GIVEN ENTRIES ->
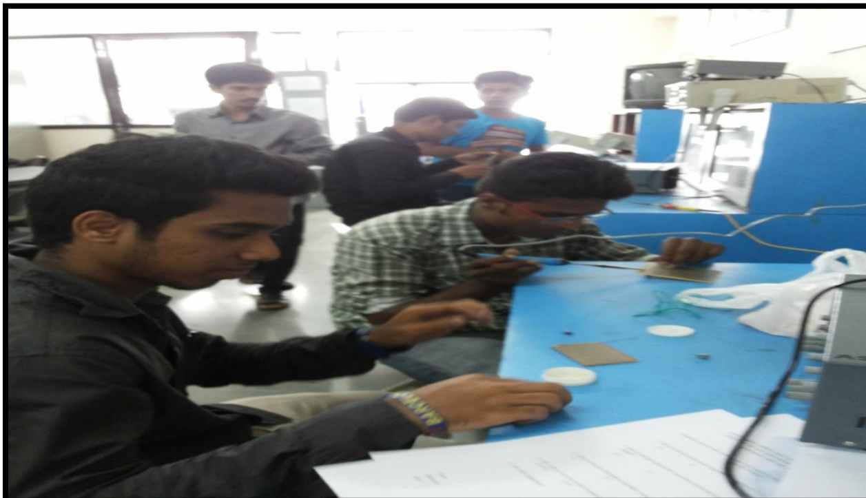
A one day IETE workshop on “Instrument Handling And Circuit Mounting”, supported by Indian Society for Technical Education, New Delhi held on 18 th to 20 th June 15 at AISSMS, IOIT, Pune.
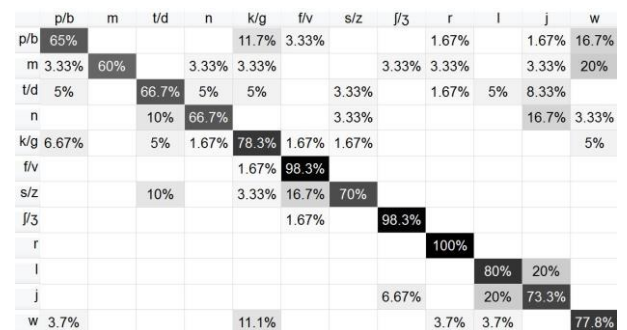
Figure 2: Consonants confusion matrix for the articulatory-to-acoustic (listening test).
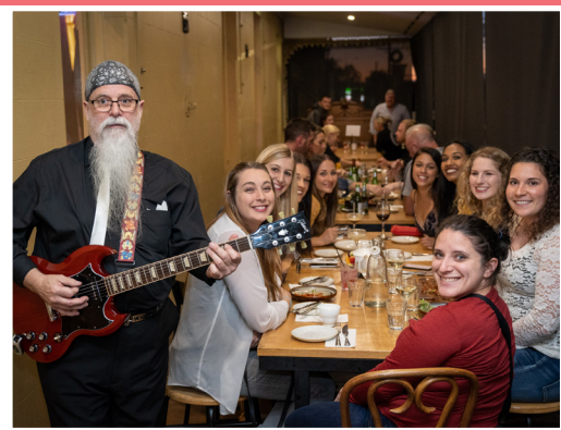
Live music performance at Upstairs at Freds as part of the Jacaranda Festival.
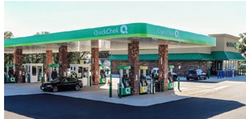
QuickChek, Raritan, NJ
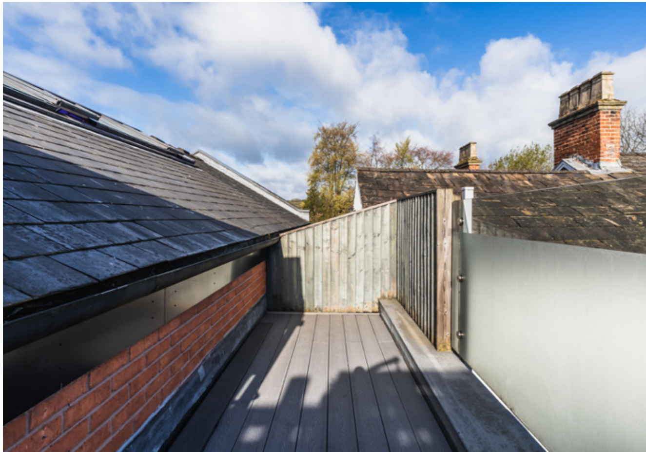
FIRST FLOOR BALCONY
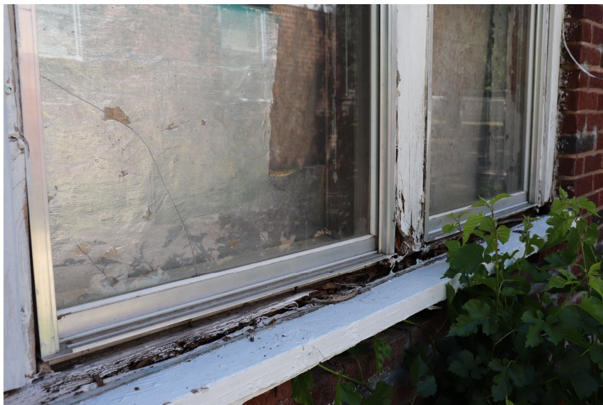
Deterioration and Wood Rot at Missing Windows on West Elevation
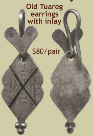
Old Tuareg earrings with inlay $80/pair
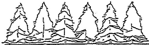
TALL EVERGREEN TREES, STAGGER PLANTED, WITH BRANCHES TOUCHING THE GROUND. SEE PLANTING LIST

Inspector, which under normal growing conditions, will attain a minimum height of eight (8) feet and a canopy spread of ten feet within four (4) years. They shall be planted a minimum twenty (20) feet on center as shown in the following illustration.
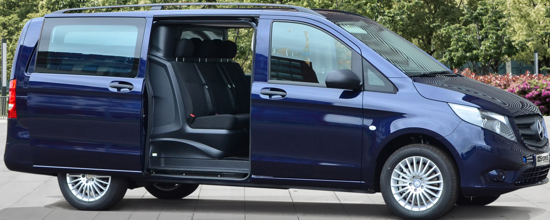
MERCEDES-BENZ VITO Crew Cab
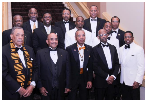
2011 Board of Directors
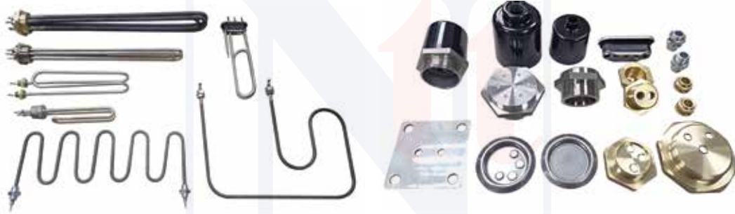
img. General Purpose Heating Element

In most of the industries, machine are key elements in manufacturing system and their breakdown can cause delays in the production system. Our NTT 11 Series straight length tubular element is the solution that meets your urgent request.

EXERCISE DESCRIPTION ->
Would you retype every line shown above exactly, leaving the pictures aside?

ANSWER FOR THE TASK ->
A one day IETE workshop on “Instrument Handling And Circuit Mounting”, supported by Indian Society for Technical Education, New Delhi held on 18 th to 20 th June 15 at AISSMS, IOIT, Pune.
Figure 2: Consonants confusion matrix for the articulatory-to-acoustic (listening test).
Live music performance at Upstairs at Freds as part of the Jacaranda Festival.
QuickChek, Raritan, NJ
FIRST FLOOR BALCONY
Deterioration and Wood Rot at Missing Windows on West Elevation
Old Tuareg earrings with inlay $80/pair
TALL EVERGREEN TREES, STAGGER PLANTED, WITH BRANCHES TOUCHING THE GROUND. SEE PLANTING LIST

Inspector, which under normal growing conditions, will attain a minimum height of eight (8) feet and a canopy spread of ten feet within four (4) years. They shall be planted a minimum twenty (20) feet on center as shown in the following illustration.
MERCEDES-BENZ VITO Crew Cab
2011 Board of Directors
img. General Purpose Heating Element

In most of the industries, machine are key elements in manufacturing system and their breakdown can cause delays in the production system. Our NTT 11 Series straight length tubular element is the solution that meets your urgent request.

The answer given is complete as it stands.